## [EXERCISE]
Beneath this line are the data; copy exactly the part of them that opens with the line containing "That journey sits" and closes with the line containing "Using wonton wrappers", and only that part.

## [DATASET RECORDS]
= = = = =

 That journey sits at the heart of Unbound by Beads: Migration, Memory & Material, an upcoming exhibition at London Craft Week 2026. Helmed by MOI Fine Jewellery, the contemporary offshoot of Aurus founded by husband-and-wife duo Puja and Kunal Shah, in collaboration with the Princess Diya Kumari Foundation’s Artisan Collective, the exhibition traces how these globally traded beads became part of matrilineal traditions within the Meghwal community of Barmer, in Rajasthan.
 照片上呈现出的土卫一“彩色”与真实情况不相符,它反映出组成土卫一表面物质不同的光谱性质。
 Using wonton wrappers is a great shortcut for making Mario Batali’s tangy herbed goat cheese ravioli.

= = = = =

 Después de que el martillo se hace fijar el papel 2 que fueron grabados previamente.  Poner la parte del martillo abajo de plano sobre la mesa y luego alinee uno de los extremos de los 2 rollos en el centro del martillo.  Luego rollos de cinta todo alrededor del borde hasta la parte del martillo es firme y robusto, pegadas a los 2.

= = = = =

## [ANSWER FOR THIS EXERCISE]
 That journey sits at the heart of Unbound by Beads: Migration, Memory & Material, an upcoming exhibition at London Craft Week 2026. Helmed by MOI Fine Jewellery, the contemporary offshoot of Aurus founded by husband-and-wife duo Puja and Kunal Shah, in collaboration with the Princess Diya Kumari Foundation’s Artisan Collective, the exhibition traces how these globally traded beads became part of matrilineal traditions within the Meghwal community of Barmer, in Rajasthan.
 照片上呈现出的土卫一“彩色”与真实情况不相符,它反映出组成土卫一表面物质不同的光谱性质。
 Using wonton wrappers is a great shortcut for making Mario Batali’s tangy herbed goat cheese ravioli.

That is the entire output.